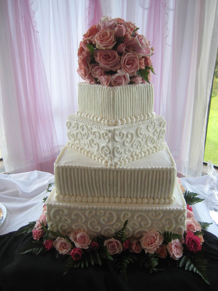 all buttercream frosting. different flavors of cake on each tier. i love the effect when you turn the top two layers-it was so much more appealing than a regular square cake.
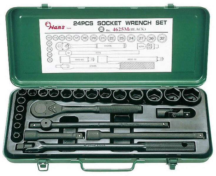 HANS 1/2" dugókulcs készlet 8-32mm 24 részes hatszög 4625M Cr-V fekete az iSzerszámnál. Professzionális, ipari minőségű HANS 1/2" dugókulcs készlet 8-32mm 24 részes hatszög 4625M Cr-V fekete. Anyagösszetétel: Chrome-Vanadium (Cr-V). A 24 részes készlet tartalma 1-1 db: dugókulcsfej: 8; 10; 11; 12; 13; 14; 15; 16; 17; 19; 20; 21; 22; 23; 24; 27; 30; 32mm 24 fogas irányváltós r
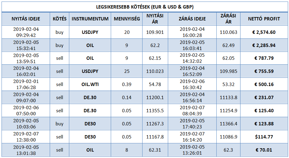 Magyarország legjobb kötése múlthéten az XTB berkein belül 4 508 975,10 forintot (14 171.84 EUR) hozott a tulajdonosának éles számlán, befektetését 18 napig tartotta nyitva az DE.30 (DAX) instrumentumon. A kötés 4 lottal történt. A vételi (buy) pozíciót befektetőnk pénteken (2019-01-18) a 11231.1-es szinten vette fel majd kedden zárta (2019-02-05) profittal a 11373.2-es ár szinten. A DE.30 141 pip-es elmozdulását csípte el kereskedőnk. Gratulálunk szép munka!
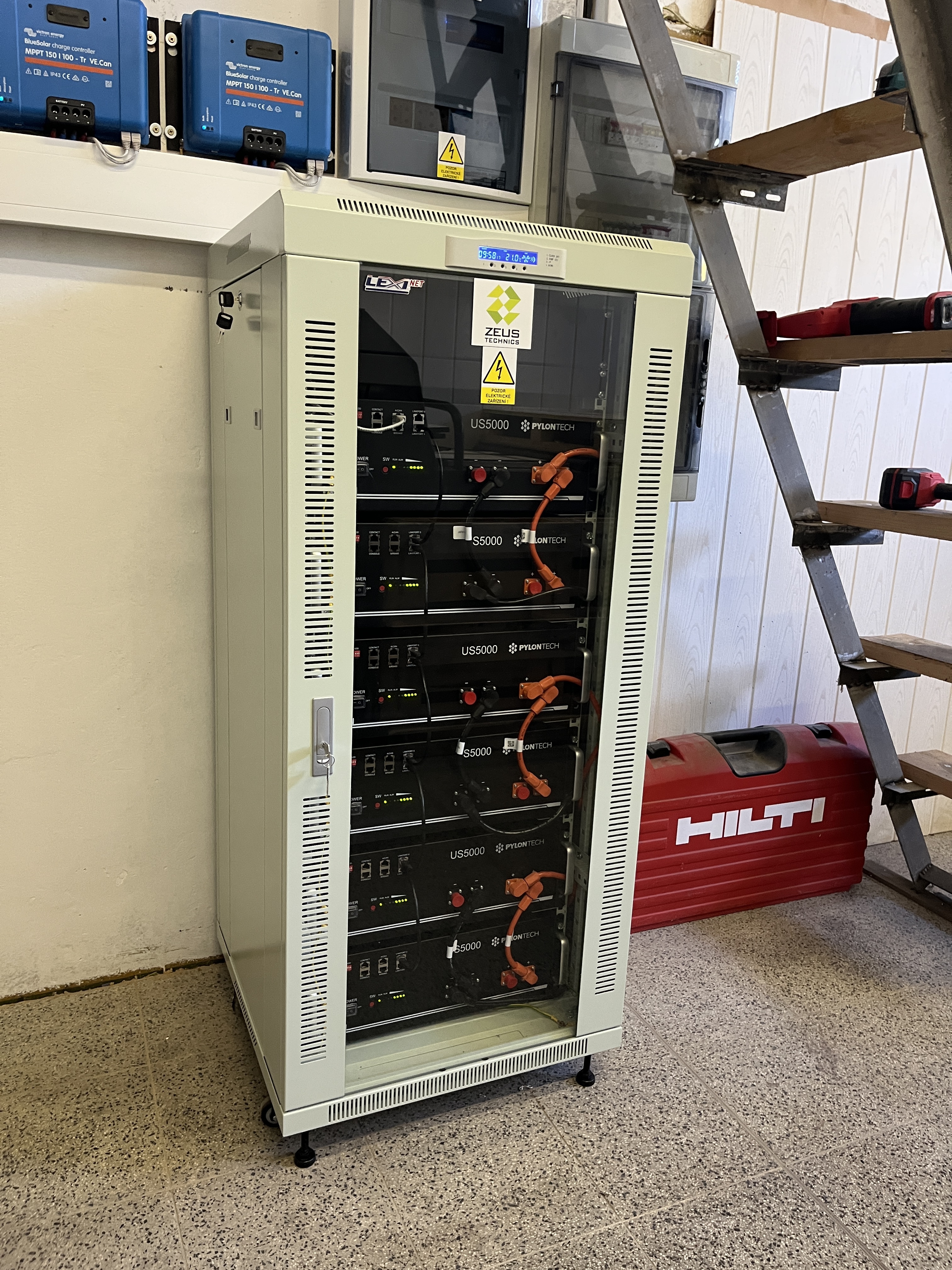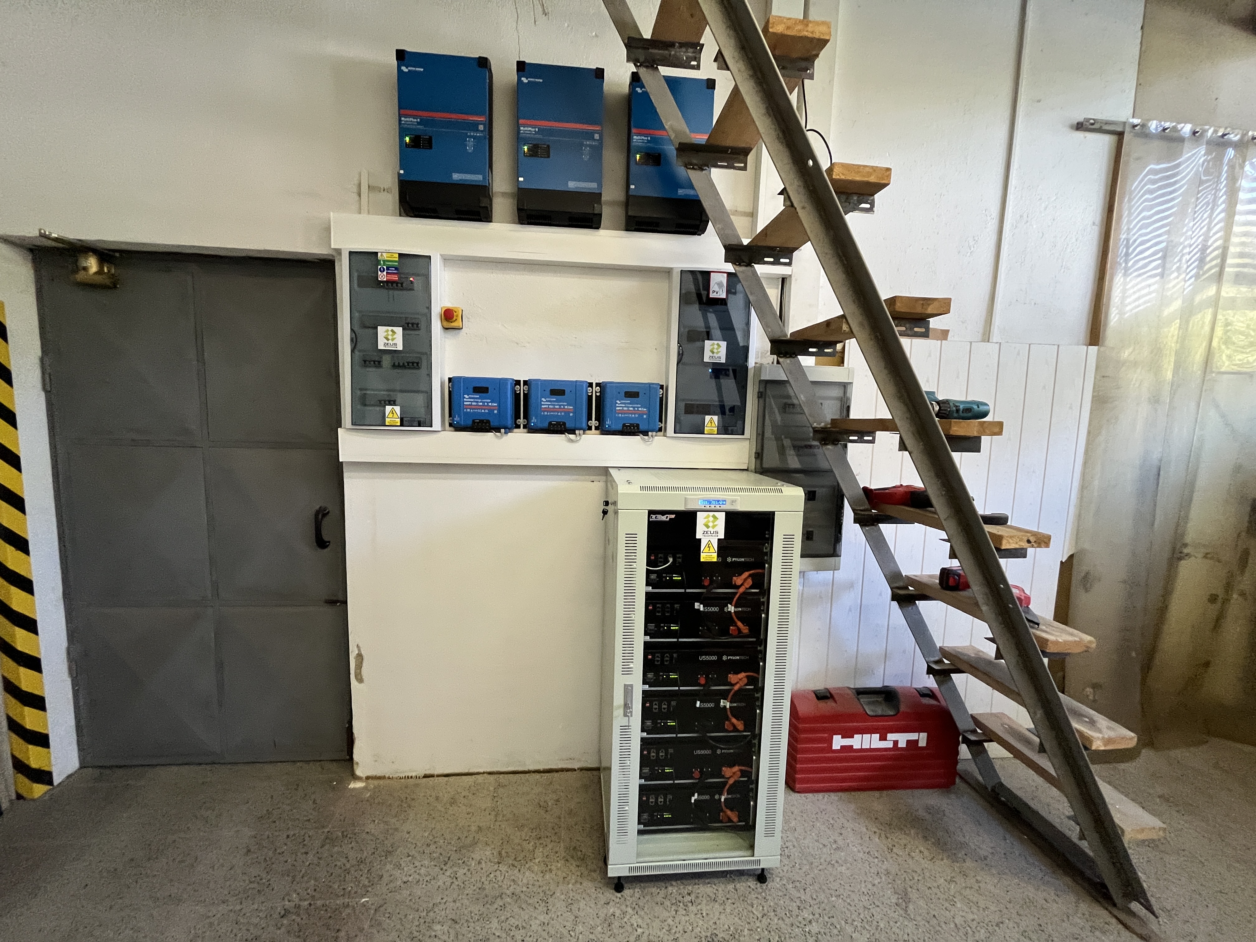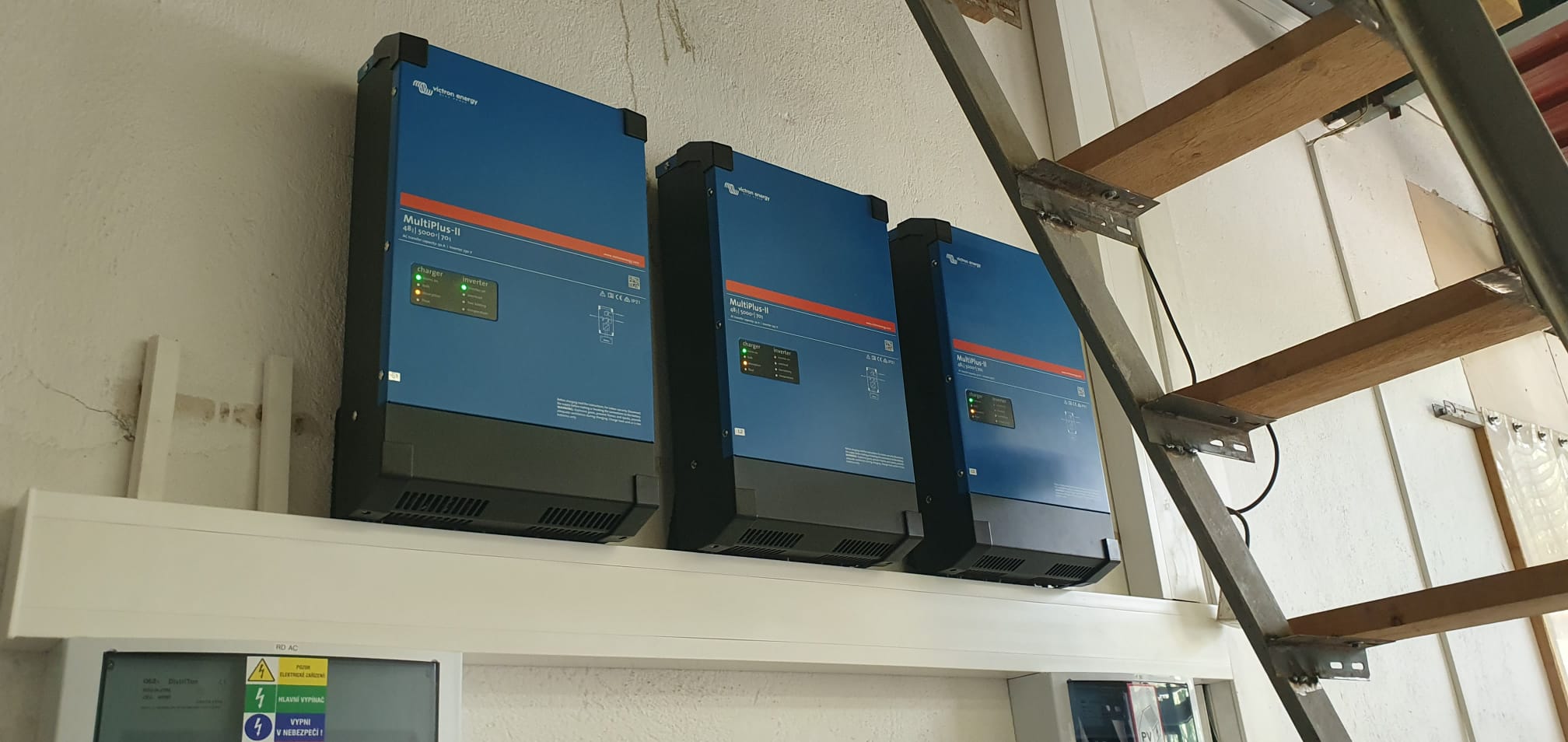 - 3× střídač Victron Multiplus II (48 V / 5000 VA)
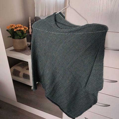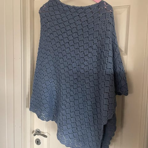 Ubrukt hjemmestrikket poncho I det nydelig Sandnes Alpakka. Fargen Natur. Den er Onesize. Kun brukt en gang m da jeg følte den ikke passet helt på meg.
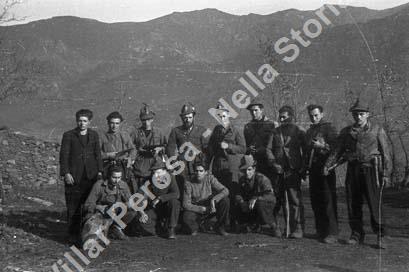 Autunno 1944. Gianni Gay,a fianco a sinistra Marcello Long e un gruppo dei suoi. In basso da sin. il secondo è Guido Baret, poi Umberto Murglia e Aldo Long.
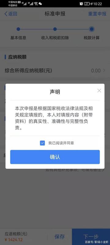 第四步,进行税款计算,同意声明,点击进行下一步;
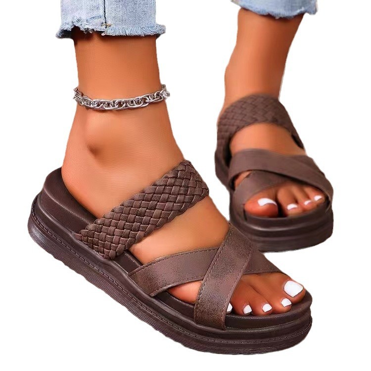 Flat And Thick Soled Cross Woven Women's Sandals
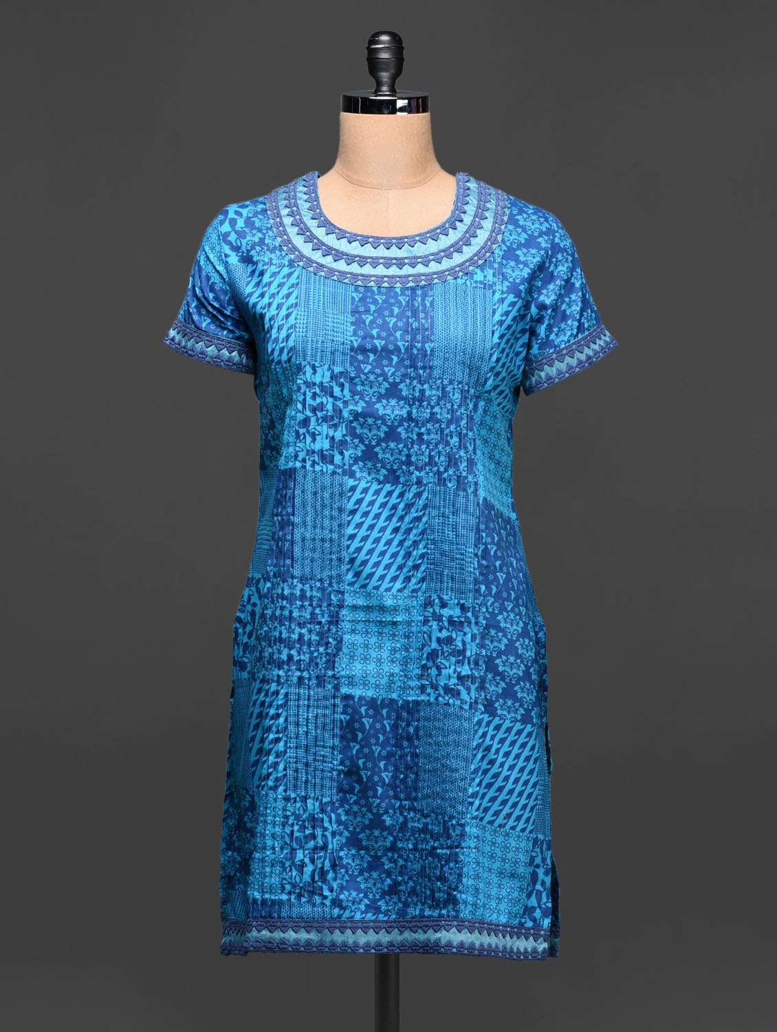 #1 multipattern printed blue round neck kurta & similar products...
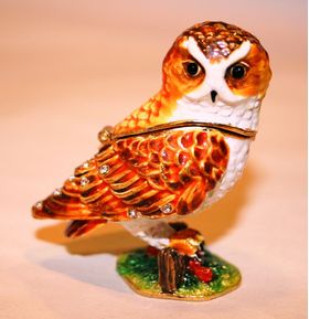 Juliana - Treasured Trinkets LITTLE OWL Size: H6 x W5 x D3 cms  A range of heavy, enamelled metal, ornamental trinket boxes made in the guise of animals, birds and other collectable pieces of memorabelia. Hand painted and decorated with small sparkling crystals, finished with gold plated edgings and hinged to open. Beautifully crafted with room to contain a small hidden treasure. Here is an excellent opportunity to gather a collection of inexpensive trinkets which will stand the test of time and can only appreciate in value.
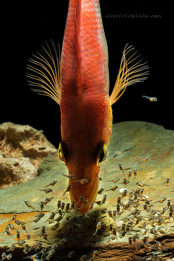 Nie že nechal... oni zostali. Myslím, že z pôvodných od Ľuda Fujka mám ešte 2 alebo 3. Ale myslím, že všetko sú samci. So samicami sa mi opakoval problém - prestali žrať, sedeli na dne, pri plávaní sa úplne trápili, neplávali pomocou plutiev, ale pohybom celého tela. Od tých istých istých rodičov mám potom ďalšie 4 ryby z neskoršieho výteru a najmenšie 4 sú od Stiffa.

**Exercise details:** Repeat the material exactly and drop each image.

**Response:**
 all buttercream frosting. different flavors of cake on each tier. i love the effect when you turn the top two layers-it was so much more appealing than a regular square cake.
 HANS 1/2" dugókulcs készlet 8-32mm 24 részes hatszög 4625M Cr-V fekete az iSzerszámnál. Professzionális, ipari minőségű HANS 1/2" dugókulcs készlet 8-32mm 24 részes hatszög 4625M Cr-V fekete. Anyagösszetétel: Chrome-Vanadium (Cr-V). A 24 részes készlet tartalma 1-1 db: dugókulcsfej: 8; 10; 11; 12; 13; 14; 15; 16; 17; 19; 20; 21; 22; 23; 24; 27; 30; 32mm 24 fogas irányváltós r
 Magyarország legjobb kötése múlthéten az XTB berkein belül 4 508 975,10 forintot (14 171.84 EUR) hozott a tulajdonosának éles számlán, befektetését 18 napig tartotta nyitva az DE.30 (DAX) instrumentumon. A kötés 4 lottal történt. A vételi (buy) pozíciót befektetőnk pénteken (2019-01-18) a 11231.1-es szinten vette fel majd kedden zárta (2019-02-05) profittal a 11373.2-es ár szinten. A DE.30 141 pip-es elmozdulását csípte el kereskedőnk. Gratulálunk szép munka!
 - 3× střídač Victron Multiplus II (48 V / 5000 VA)
 Ubrukt hjemmestrikket poncho I det nydelig Sandnes Alpakka. Fargen Natur. Den er Onesize. Kun brukt en gang m da jeg følte den ikke passet helt på meg.
 Autunno 1944. Gianni Gay,a fianco a sinistra Marcello Long e un gruppo dei suoi. In basso da sin. il secondo è Guido Baret, poi Umberto Murglia e Aldo Long.
 第四步,进行税款计算,同意声明,点击进行下一步;
 Flat And Thick Soled Cross Woven Women's Sandals
 #1 multipattern printed blue round neck kurta & similar products...
 Juliana - Treasured Trinkets LITTLE OWL Size: H6 x W5 x D3 cms  A range of heavy, enamelled metal, ornamental trinket boxes made in the guise of animals, birds and other collectable pieces of memorabelia. Hand painted and decorated with small sparkling crystals, finished with gold plated edgings and hinged to open. Beautifully crafted with room to contain a small hidden treasure. Here is an excellent opportunity to gather a collection of inexpensive trinkets which will stand the test of time and can only appreciate in value.
 Nie že nechal... oni zostali. Myslím, že z pôvodných od Ľuda Fujka mám ešte 2 alebo 3. Ale myslím, že všetko sú samci. So samicami sa mi opakoval problém - prestali žrať, sedeli na dne, pri plávaní sa úplne trápili, neplávali pomocou plutiev, ale pohybom celého tela. Od tých istých istých rodičov mám potom ďalšie 4 ryby z neskoršieho výteru a najmenšie 4 sú od Stiffa.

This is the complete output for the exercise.